The ref-count definitely helps here.

> The primitive involved here is that in-flight firmware jobs 
> are assigned an event completion slot, and that keeps a reference to 
> them from a global array until the events fire and all the jobs are 
> known to have completed. This keeps things memory-safe, since we 
> absolutely cannot free/destroy firmware structures while they are in use 
> (otherwise the firmware crashes, which is fatal on these GPUs - requires 
> a full system reboot to recover).
> 
> In practice, with the VM map model that we use, what ends up happening 
> when a process gets killed is that all the user objects for in-flight 
> jobs get unmapped, which usually causes the GPU hardware (not firmware) 
> to fault. This then triggers early termination of jobs anyway via the 
> firmware fault recovery flow. But even that takes some short amount of 
> time, and by then all the drm_sched stuff is long gone and we're just 
> dealing with the in-flight firmware stuff.
> 
>> In the case where we're initiating the tear, we should notify the driver that
>> we're about to forget jobs (resources), so that it knows to return them back
>> or that it shouldn't notify us for them (since we've notified we're forgetting them.)
> 
> That contradicts Christian's comment. I tried to document that (after 
> this patch) the scheduler no longer cares about hw fences and whether 
> they are signaled or not after it's destroyed, and I got a strongly 
> worded NAK for it. Sooo... which is it? Is it okay for drivers not to 
> signal the hw fence after a scheduler teardown, or not?

Christian is correct in that we don't want to hang upstream control
to the whims of a low-level device driver.

> But really, I don't see a use case for an explicit "about to forget job" 
> callback. The job free callback already serves the purpose of telling 

Long time ago, in a galaxy far far away, this was needed in order
to prevent device write-DMA into non-existing (random) memory. As
this is not the case anymore, go with Christian's comment.

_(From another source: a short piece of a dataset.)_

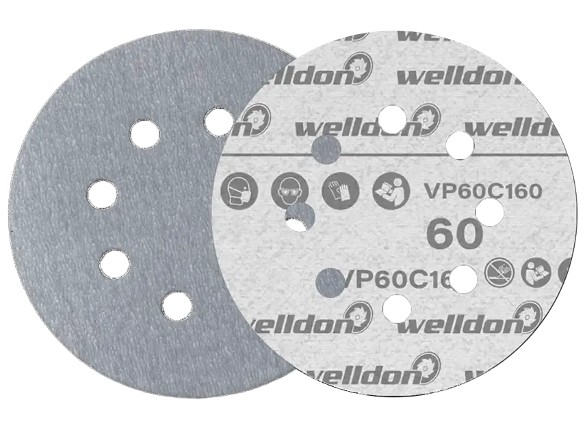 Welldon offered Various types to meet different application needs. Velcro discs are served with a total of 10 a different types of silicon Carbide , Aluminum Oxide ,Zirconium and Cecramic abrasives,Generally from 24 to 400 grit ,from 100mm diameter to 230mm diameter, with 8 different hole types.

> the driver to clean up resources associated with a job. If it wants to 
> synchronously abort things there, it could easily take over its own 
> fence signaling and do something with the underlying stuff if the fence 
> is not signaled yet.
> 
> In my case, since the driver is written in Rust and free_job() just maps 
> to the destructor (Drop impl), that just ends up freeing a bunch of 
> memory and other objects, and I don't particularly care about the state 
> of the firmware side any more after that. The flow is the same whether 
> it was a successful job completion, a failure, or an early destruction 
> due to the drm_sched getting torn down.
> 
>> (Note also that in this latter case, traditionally, the device would be reset,
>> so that we can guarantee that it has forgotten all shared resources which
>> we are to tear up. This is somewhat more complicated with GPUs, thus the method
>> pointed out above.)
> 
> Yeah, in the firmware scheduling case we can't do this at all unless the 
> firmware has an explicit teardown/forget op (which I'm not aware of) and 
> a full GPU reset isn't something we can do either. Hence we just let the 
> underlying jobs complete. In practice they tend to die pretty quickly 
> anyway once all the buffers are unmapped.

Perhaps in the future, as more complex workloads are deferred to this
hardware and driver, a real-time requirement might be needed for this
"tend to die pretty quickly", that that there's some guarantee of
work resuming in some finite time.
-- 
Regards,
Luben

> 
> ~~ Lina
>